In a ‘landmark’ decision by Livingstone Shire Council to accept sole trusteeship of the Reserve for Recreation, Public Boat Ramp, Jetties and Landing Place has paved the way for establishment of a long-term management plan with Yeppoon Inlet Association.
Mayor Bill Ludwig said Council this week voted unanimously to accept sole trusteeship over the area which will pave the way for sub-lease arrangements with the Yeppoon Inlet Association who had approached both Council and State Agencies with a proposal to jointly manage the existing jetty areas.
“Currently the State Government and Council are joint trustees of the area. Council accepting sole trustee status brings the area in line with the other foreshore area that Council manages and will provide for sub-lease to the Yeppoon Inlet Association and greater flexibility in the ongoing management of the Reserve,” Cr Ludwig said.
“All parties involved have been working with toward this outcome for many years which has been made possible thanks to the goodwill of the Darumbal People who are the Native Title owners of the areas.
“In recognition of the importance the area as a ‘safe harbour’ and historic mooring site for boats, Darumbal representatives entered into an Indigenous Land Use Agreement (ILUA) with the Queensland Government that will allow compliant existing jetty structures to remain and be managed under the joint stewardship of Council and Yeppoon Inlet Association.
“I must acknowledge and commend all those involved, particularly the incredible work that’s been done by the Yeppoon Inlet Association in working with the stakeholder groups to get us where we can now formalise the process and move forward.
“I’d also like to acknowledge the goodwill and support of State Government agencies along with the solid work of Council officers involved as everyone worked collectively toward getting the best long-term management outcomes for this important landmark area.
“Ultimately the Yeppoon Inlet Association will take primary legal responsibility to ensure that there is strict compliance by their members with the terms set out under the ILUA and relevant State agencies.
“As overall trustee Council’s role will be to monitor and ensure the broader community interest remains protected through a combined steering committee comprised of stakeholder representatives and the responsible State Agencies,” Cr Ludwig said.
Yeppoon Inlet Association President Ray Barry said the association appreciates the opportunity the Queensland Government and Livingstone Shire Council has provided at this initial stage of developing a leasing agreement to enable ongoing regulated use of the inlet.

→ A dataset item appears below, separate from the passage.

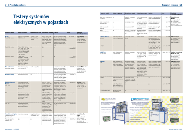 34 | Przeglàdy rynkowe Przeglàdy rynkowe | 35 Testery systemów elektrycznych w pojazdach Producent: model Rodzaj urzàdzenia Obs∏ugiwane pojazdy Obs∏ugiwane systemy Funkcje Actia®: Multidi@g access interfejs do komputera PC (Bluetooth) Europa + Azja (Hyundai, KIA, Toyota) OBD / EOBD+SAE J2435 PassThru, ABS, airbag, zawieszenie, skrzynia biegów, klimatyzacja, FAP, CAN odczyt / kasowanie kodów b∏´dów, aktywacja cz∏onów wykonawczych, kodowanie kluczy, pomiar parametrów bie˝àcych, konfiguracja modu∏ów komfortu, adaptacje od 9350 PLN Actia-Polska sp. z o.o. ul. Pu∏awska 38 05-500 Piaseczno tel. 022 726 35 94 www.actiapolska.pl Multidi@g mobile Tablet PC 8” (1GHz, 512 RAM, WiFi, Bluetooth, IrDa, PCMCIA, 3xUSB, LAN, pasywna matryca) + interfejs VCI bluetooth jw. jw. jw. cena u dystrybutora Tablet PC 12” (600MHz, 1G RAM, WiFi, Bluetooth, PCMCIA,RS 232, 3xUSB, LPT, LAN, pasywna matryca) + interfejs VCI bluetooth jw. Atal Actia Group: Multi-Diag Access tester diagnostyczny (interfejs do PC) marki europejskie odczyt / kasowanie kodów usterek, identyfikacja sterowników, pomiar parametrów rzeczywistych, test elementów wykonawczych Multi-Diag Handy tester diagnostyczny jw. odczyt / kasowanie kodów usterek, identyfikacja sterowników, pomiar parametrów rzeczywistych, test elementów wykonawczych 12 500 PLN OBD II / EOBD, silnik, air-bag, ABS, klimatyzacja, aut. skrzynia biegów, immobilizer, deska wskaêników, komfort, CAN diagnostyka szeregowa: EOBD, odczyt i kasowanie kodów usterek, parametry rzeczywiste, aktywacje, regulacje, kodowanie kasowanie inspekcji, diagnostyka równoleg∏a na zapytanie WSOP sp. z o.o. ul. Pszczyƒska 306 44-100 Gliwice tel. 032 332 49 30 www.wsop.pl Multidi@g master Autocom Diagnostic Partner: ADP 186 tester diagnostyczny wielofunkcyjny z multimetrem i oscyloskopem 4-kana∏owym (wspó∏praca z PC) ? jw. jw. Cena Produkcja i dystrybucja w Polsce ? OBD II / EOBD, silnik, air-bag, ABS, klimatyzacja, aut. skrzynia biegów, immobilizer, deska wskaêników, komfort, CAN diagnostyka szeregowa: EOBD, odczyt i kasowanie kodów usterek, parametry rzeczywiste, aktywacje, regulacje, kodowanie kasowanie inspekcji na zapytanie CDP Pro tester diagnostyczny wielofunkcyjny (wspó∏praca z palmtopem) ? OBD II / EOBD, silnik, air-bag, ABS, klimatyzacja, aut. skrzynia biegów, immobilizer, deska wskaêników, komfort, CAN jw. bez multimetru i oscyloskopu na zapytanie wszystkie z silnikami ZS Common Rail wtryskiwacze elektromagnetyczne i piezoelektryczne kontrola wtryskiwaczy, nastawa cz´stotliwoÊci i czasu otwarcia wtryskiwaczy jw. elektryczne pompy wysokiego ciÊnienia sterowanie zaworami pompy Common Rail, pomiar obrotów, pomiar ciÊnienia (z czujników ciÊnienia) jw. Autonaprawa | nr 2/2009 Obs∏ugiwane pojazdy Obs∏ugiwane systemy Funkcje Tester pomp wtryskowych silników ZS jw. wszystkie z pompami Bosch VE elektroniczne sterowanie pompy kontrola i regulacja dawki i kàta wyprzedzenia wtrysku Tester mechanizmów wykonawczych jw. z instalacjami 12V wszystkie elektronicznie sterowane mechanizmy wykonawcze kontrola dzia∏ania mechanizmów wykonawczych Tester regulatorów napi´cia jw. z regulatorami 12V regulatory napi´cia alternatora kontrola dzia∏ania regulatorów napi´cia Tester pompowtyskiwaczy jw. wszystkie z wtryskiwaczami UIS i pompami UPS pompowtryskiwacze UIS elektromagnetyczne i piezo, pompy UPS kontrola pompowtryskiwaczy zmiana czasu otwarcia 9 800 PLN Automex (Polska): AMX530 tester diagnostyczny elektroniki pojazdowej samochody z OBDII / EOBD EOBD / OBDII procedura dla SKP, odczyt / kasowanie kodów usterek, pomiar parametrów rzeczywistych, test elementów wykonawczych, zapis raportu do pliku 1 600 PLN ZUH Sosnowski ul. Marynarki Polskiej 59 80-557 Gdaƒsk tel. 058 761 35 24 www.sosnowski.pl AMX550 jw. jw. jw. jw. + rejestracja danych w czasie jazdy; opcje: diagnostyka Daewoo lub grupy VW AVL DiTest: DiScan 8000 tester diagnostyczny z oscyloskopem osobowe, dostawcze, ci´˝arowe systemy silnika (ZI i ZS), ABS, airbag, klima, CAN-Bus, deska rozdzielcza, zawieszenie kody b∏´dów, parametry, aktywacje, adaptacje, regulacje, kasowanie BrainBee: BBF tester diagnostyczny – przystawka do komputera PC; ze z∏àczem EOBD i uniwersalnym samochody osobowe i dostawcze produkcji europejskiej; mo˝liwoÊç rozszerzenia o obs∏ug´ pojazdów produkcji azjatyckiej elektronika silnika, znaczniki kontrolne, ABS, immobilizer, airbag, automatyczna skrzynia biegów; systemy komfortu, kontroli trakcji, elektrycznego hamulca postojowego; kodowanie wtryskiwaczy, EOBD, magistrala CAN odczyt / kasowanie b∏´dów, odczyt parametrów rzeczywistych, aktywacje i regulacje elementów wykonawczych, test mocy silnika Fast Box tester diagnostyczny – przystawka do komputera PC samochody osobowe i dostawcze produkcji europejskiej i/lub azjatyckiej jw. jw. od 10 000 PLN F-Box tester diagnostyczny – bezprzewodowa przystawka do komputera PC jw. jw. jw. od 9 000 PLN ST 6000 Black Power samodzielny tester diagnostyczny jw. jw. jw. od 10 000 PLN 9 900 PLN Precyzja-Bit sp. z o.o. ul. Gdaƒska 99 85-022 Bydgoszcz tel. 052 325 93 50 www.precyzja.pl tester diagnostyczny wielofunkcyjny z multimetrem i oscyloskopem 2-kana∏owym (wspó∏praca z PC) Tester pomp paliwa Common Rail Rodzaj urzàdzenia cena u dystrybutora SDP Autoelektronika K´dzia: tester diagnostyczny Tester wtryskiwaczy Common Rail Producent: model Cena Produkcja i dystrybucja w Polsce 8 460 PLN Autoelektronika K´dzia ul. Gospodarska 7 61-313 Poznaƒ 660 PLN tel. 061 8 72 68 85 061 870 57 22 www.autoelektronika.pl 1 386 PLN od 4 200 PLN od 12 000 PLN Werther International Polska sp. z o.o. ul. Przemys∏owa 5 86-061 Brzoza tel. 052 581 22 51 www.werther.pl 6 000 PLN Italcom sp. z o.o. ul. Józefowska 21 40-144 Katowice tel. 032 204 35 13 www.italcom.com.pl www.st6000.com.pl 8 200 PLN Autoelektronika K´dzia ul. Gospodarska 7 61-313 Poznaƒ 8 100 PLN tel. 061 8 72 68 85 061 870 57 22 www.autoelek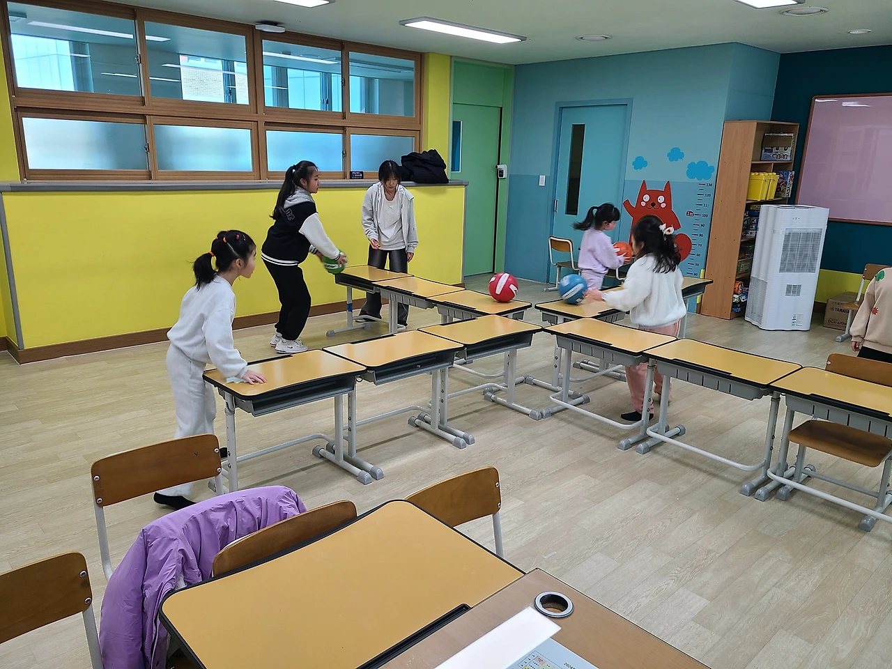 4. 술래가 공을 가지고 있지 않을 때, 학생들은 몸을 움직여 눈앞에 있는 물건 중 원하는 것 한 가지를 가져갑니다.

“This partnership has been made possible in recognition of the historical boating use of Ross and Fig Tree Creeks by the Darumbal Peoples in the local Indigenous Land Use Agreement (ILUA),” Mr Barry said.
“The hard work begins now to bring about an aesthetic and cultural change to this very important entrance to Yeppoon. We know that we will be ably supported by our key partners, Council, Fitzroy Basin Association, Maritime Safety Queensland and the wider Yeppoon community.”